La empresa agrícola real
La finca real, destinada a la producción agrícola, a la cría de ganado y al adiestramiento de caballos de raza, puede definirse como una empresa agrícola; una granja modelo donde convivían la vida de los reyes y la vida campesina. El pabellón central de la estructura estaba destinado a la familia real, mientras que las torres estaban dedicadas al personal y a las actividades agrícolas y queseras.

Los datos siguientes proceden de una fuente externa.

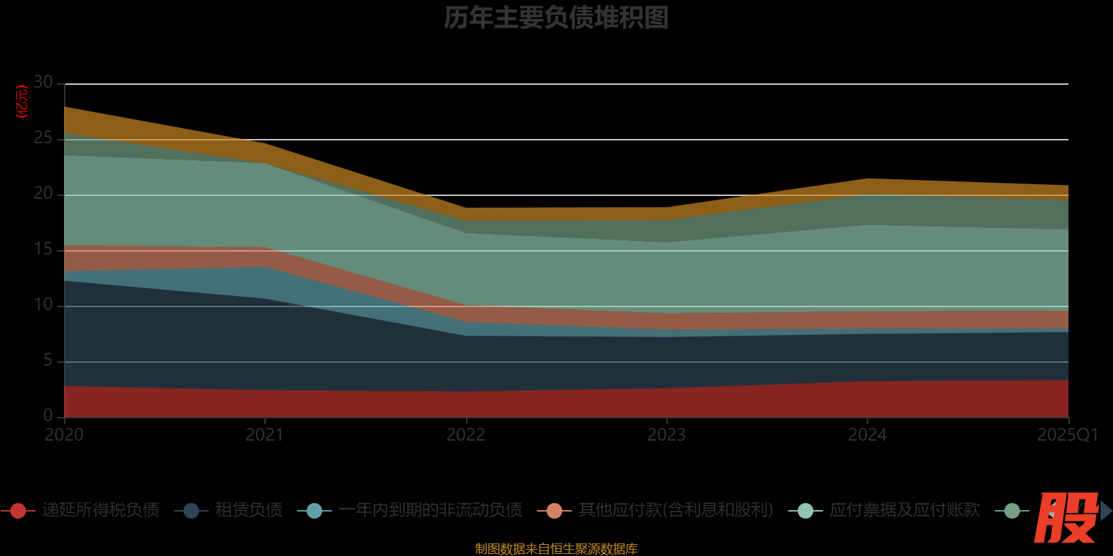 负债重大变化方面,截至2025年一季度末,公司应付票据及应付账款较上年末减少6.37%,占公司总资产比重下降0.75个百分点;合同负债较上年末减少18.34%,占公司总资产比重下降0.26个百分点;一年内到期的非流动负债较上年末减少31.64%,占公司总资产比重下降0.26个百分点;递延所得税负债较上年末增加2.77%,占公司总资产比重上升0.19个百分点。
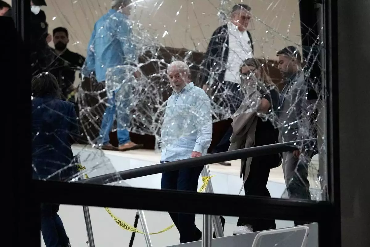 FILE - Brazil's President Luiz Inacio Lula da Silva surveys the damage at the Planalto Palace after it was stormed by supporters of former President Jair Bolsonaro, in Brasilia, Brazil, Jan. 8, 2023. (AP Photo/Eraldo Peres, File)

Para el desarrollo de sus actividades, el Real Sitio se servía del agua conducida por el Acueducto Carolino hasta el Parque Real del Palacio de Caserta.
El nacimiento de la fundación
La historia del Real Sitio de Carditello es compleja. En 1799, a raíz de los levantamientos revolucionarios, la finca sufre daños; en 1860 el edificio es ocupado por los garibaldinos, para luego pasar a ser propiedad de los Saboya. Durante la Segunda Guerra Mundial el sitio es ocupado por los Aliados. Tras su cesión al Consorcio de Reclamación del Bajo Volturno, en 1948, el bien atraviesa un periodo de degradación. En 2013, bajo presión local, el Real Sitio es adquirido por el Ministerio de Bienes y Actividades Culturales y de Turismo y en 2016 se crea la Fundación Real Sitio de Carditello. Dedicada a la restauración y a la valorización del Complejo, la Fundación es hoy símbolo de recuperación social y territorial.